#### RECORDS SHOWN:
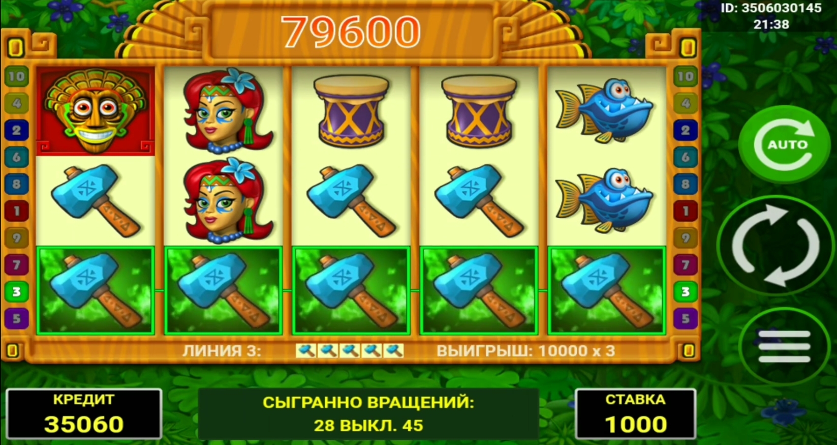 - Бонусная игра запускается, если на экране появляется три или более символов Идола.
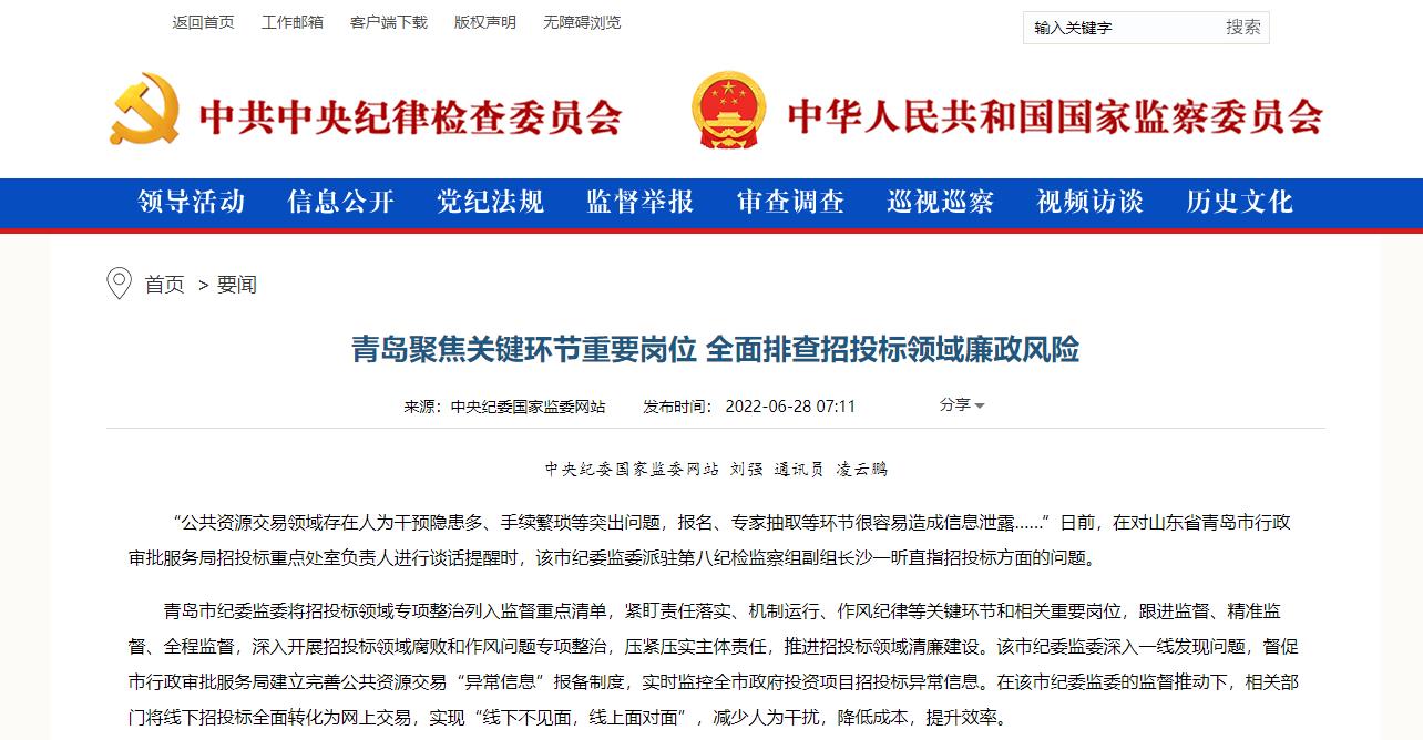 “公共資源交易領(lǐng)域存在人為干預(yù)隱患多、手續(xù)繁瑣等突出問題,報(bào)名、專家抽取等環(huán)節(jié)很容易造成信息泄露……”日前,在對山東省青島市行政審批服務(wù)局招投標(biāo)重點(diǎn)處室負(fù)責(zé)人進(jìn)行談話提醒時(shí),該市紀(jì)委監(jiān)委派駐第八紀(jì)檢監(jiān)察組副...
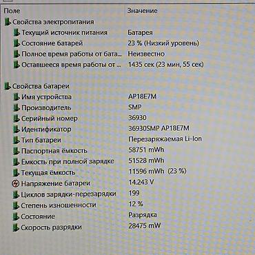 - Батарея: Li‑Ion AP18E7M, паспортная емкость 58 751 mWh, емкость при полной зарядке 51 528 mWh, текущий износ 12%, 199 циклов.
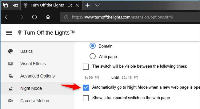 Anda juga dapat mengaktifkan opsi "Secara otomatis pergi ke Mode Malam saat halaman web baru dibuka" untuk selalu menggunakan Mode Malam secara default.
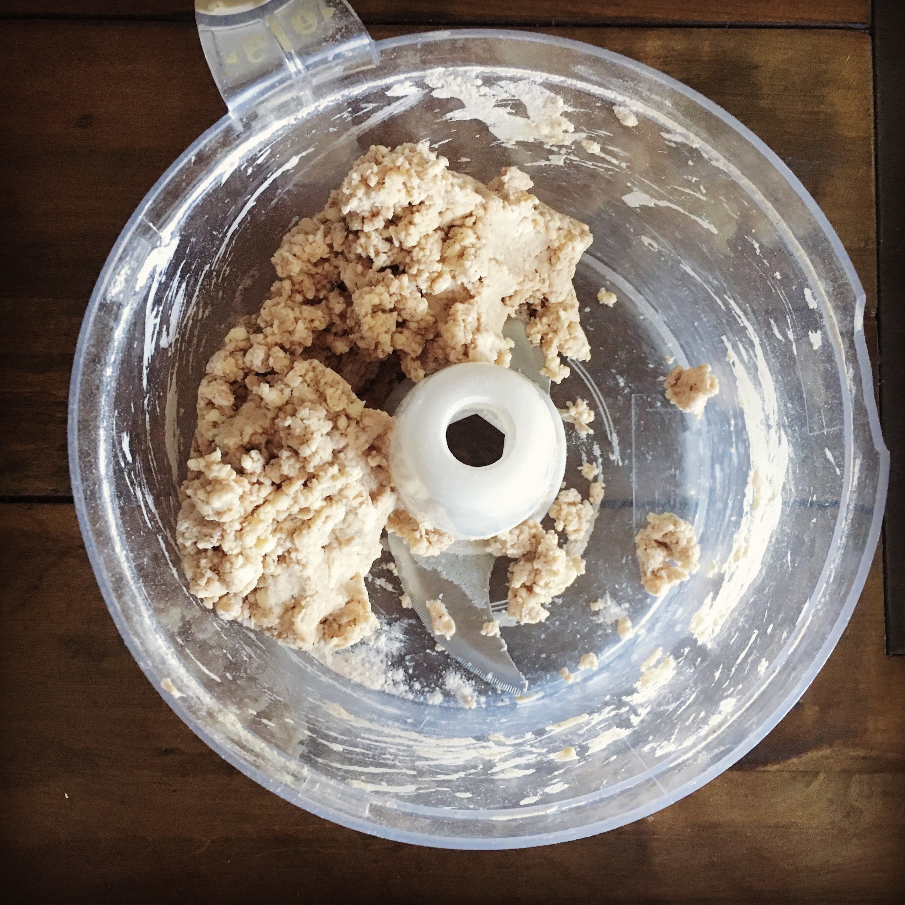 - Add a couple of tablespoons of ice-cold water to the food processor bowl and pulse a couple of times. (To get the water really cold I put it in a cup in the freezer when I’m just starting to prepare the dough.) Then add more water, slowly, about a tablespoon at a time, pulsing after each addition, until the mixture just barely begins to come together. If you pinch some of the crumbly dough and it holds together, it’s ready. If not, add a little more water and pulse again. Note: Too much water will make your crust tough.
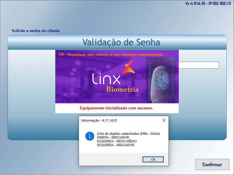 - Caso queira Visualizar a(s) mão(s) e o(s) dedo(s) cadastrado(s) pressione o F8 e irá listar de digitais, clique em OK.
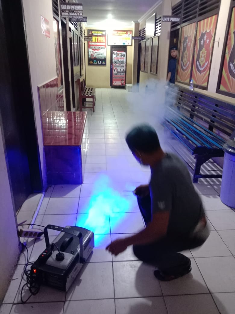 Kapolres Sidrap AKBP Leonardo Panji Wahyudi mengatakan, penyemprotan dilakukan pada tiap ruangan digedung utama, termasuk ruang tahanan, SPKT hingga seluruh ruang kerja personil Polres.
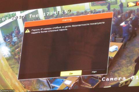 Меню камери на екрані у сесійній залі Львівської міської ради просить пароль російською мовою.

#### REQUIRED ACTION:
Exactly as they appear, transcribe the lines from the top of the material above through the line with "Anda juga dapat". Omit any picture.

#### ANSWER BELOW:
 - Бонусная игра запускается, если на экране появляется три или более символов Идола.
 “公共資源交易領(lǐng)域存在人為干預(yù)隱患多、手續(xù)繁瑣等突出問題,報(bào)名、專家抽取等環(huán)節(jié)很容易造成信息泄露……”日前,在對山東省青島市行政審批服務(wù)局招投標(biāo)重點(diǎn)處室負(fù)責(zé)人進(jìn)行談話提醒時(shí),該市紀(jì)委監(jiān)委派駐第八紀(jì)檢監(jiān)察組副...
 - Батарея: Li‑Ion AP18E7M, паспортная емкость 58 751 mWh, емкость при полной зарядке 51 528 mWh, текущий износ 12%, 199 циклов.
 Anda juga dapat mengaktifkan opsi "Secara otomatis pergi ke Mode Malam saat halaman web baru dibuka" untuk selalu menggunakan Mode Malam secara default.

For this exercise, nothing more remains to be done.